[Entries provided — start]

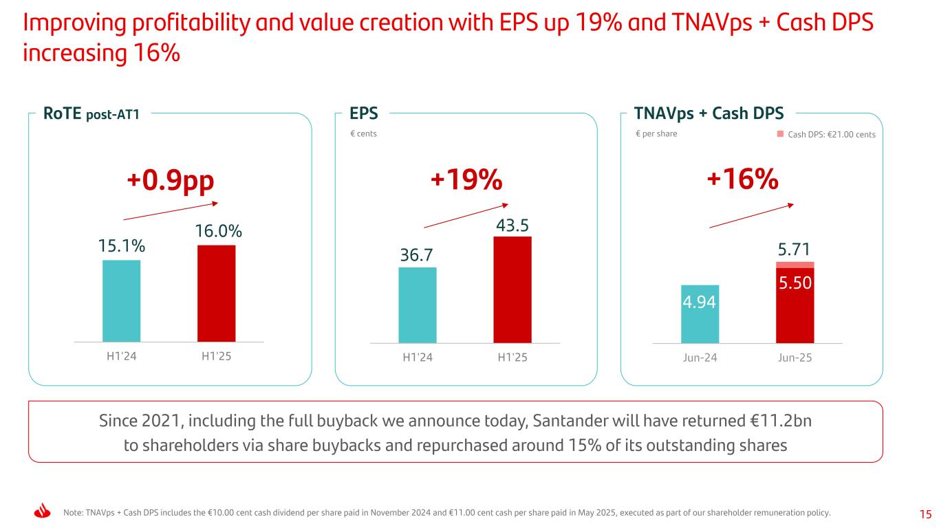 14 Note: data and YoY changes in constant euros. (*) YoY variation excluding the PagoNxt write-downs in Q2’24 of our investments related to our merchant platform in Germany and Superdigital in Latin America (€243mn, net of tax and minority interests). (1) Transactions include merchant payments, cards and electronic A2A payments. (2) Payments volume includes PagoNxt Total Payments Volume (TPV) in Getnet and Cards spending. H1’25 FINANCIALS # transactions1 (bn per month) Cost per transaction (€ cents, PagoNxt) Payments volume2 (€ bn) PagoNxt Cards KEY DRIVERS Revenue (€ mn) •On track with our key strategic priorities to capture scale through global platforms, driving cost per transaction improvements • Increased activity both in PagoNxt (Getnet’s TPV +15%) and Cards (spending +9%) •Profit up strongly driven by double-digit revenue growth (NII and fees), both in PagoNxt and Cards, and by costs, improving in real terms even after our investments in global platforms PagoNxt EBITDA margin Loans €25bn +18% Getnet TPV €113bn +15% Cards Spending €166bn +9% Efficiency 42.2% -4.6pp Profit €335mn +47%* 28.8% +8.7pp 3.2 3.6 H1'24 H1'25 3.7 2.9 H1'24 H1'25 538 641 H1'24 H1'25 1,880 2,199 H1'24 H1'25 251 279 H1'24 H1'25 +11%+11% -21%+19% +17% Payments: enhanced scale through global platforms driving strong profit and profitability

[Entries provided — finish]
[Entries provided — start]

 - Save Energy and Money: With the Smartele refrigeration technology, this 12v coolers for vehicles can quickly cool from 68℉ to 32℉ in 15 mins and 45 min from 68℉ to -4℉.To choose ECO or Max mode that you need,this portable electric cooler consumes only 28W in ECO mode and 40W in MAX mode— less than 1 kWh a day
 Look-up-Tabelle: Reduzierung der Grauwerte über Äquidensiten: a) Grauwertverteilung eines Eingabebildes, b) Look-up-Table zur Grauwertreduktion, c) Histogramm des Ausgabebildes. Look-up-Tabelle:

[Entries provided — finish]
[Entries provided — start]

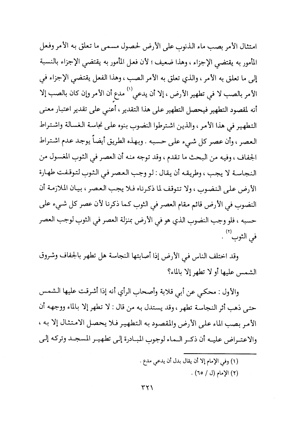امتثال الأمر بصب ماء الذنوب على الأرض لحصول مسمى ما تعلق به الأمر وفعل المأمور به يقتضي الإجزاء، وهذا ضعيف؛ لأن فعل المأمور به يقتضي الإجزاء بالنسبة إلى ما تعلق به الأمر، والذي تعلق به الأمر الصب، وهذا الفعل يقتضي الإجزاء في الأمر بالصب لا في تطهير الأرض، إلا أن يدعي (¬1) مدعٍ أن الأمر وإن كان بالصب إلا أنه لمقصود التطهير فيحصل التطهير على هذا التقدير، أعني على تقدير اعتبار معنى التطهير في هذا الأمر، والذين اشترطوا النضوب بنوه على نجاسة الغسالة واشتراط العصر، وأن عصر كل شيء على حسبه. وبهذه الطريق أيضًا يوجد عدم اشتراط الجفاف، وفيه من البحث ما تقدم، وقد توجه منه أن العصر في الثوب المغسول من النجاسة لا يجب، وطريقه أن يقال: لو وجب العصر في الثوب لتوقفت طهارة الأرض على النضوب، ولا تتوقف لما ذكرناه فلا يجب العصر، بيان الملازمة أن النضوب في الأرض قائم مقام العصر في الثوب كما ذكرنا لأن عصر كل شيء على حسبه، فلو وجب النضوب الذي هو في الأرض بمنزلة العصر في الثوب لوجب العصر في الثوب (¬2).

[Entries provided — finish]

_Work to be completed:_ Your task is to transcribe, with no changes, only the lines of the listing above that lie between the line holding "- Save Energy" and the line holding "Look-up-Tabelle: Reduzierung der", inclusive.

_Response to the task:_
 - Save Energy and Money: With the Smartele refrigeration technology, this 12v coolers for vehicles can quickly cool from 68℉ to 32℉ in 15 mins and 45 min from 68℉ to -4℉.To choose ECO or Max mode that you need,this portable electric cooler consumes only 28W in ECO mode and 40W in MAX mode— less than 1 kWh a day
 Look-up-Tabelle: Reduzierung der Grauwerte über Äquidensiten: a) Grauwertverteilung eines Eingabebildes, b) Look-up-Table zur Grauwertreduktion, c) Histogramm des Ausgabebildes. Look-up-Tabelle:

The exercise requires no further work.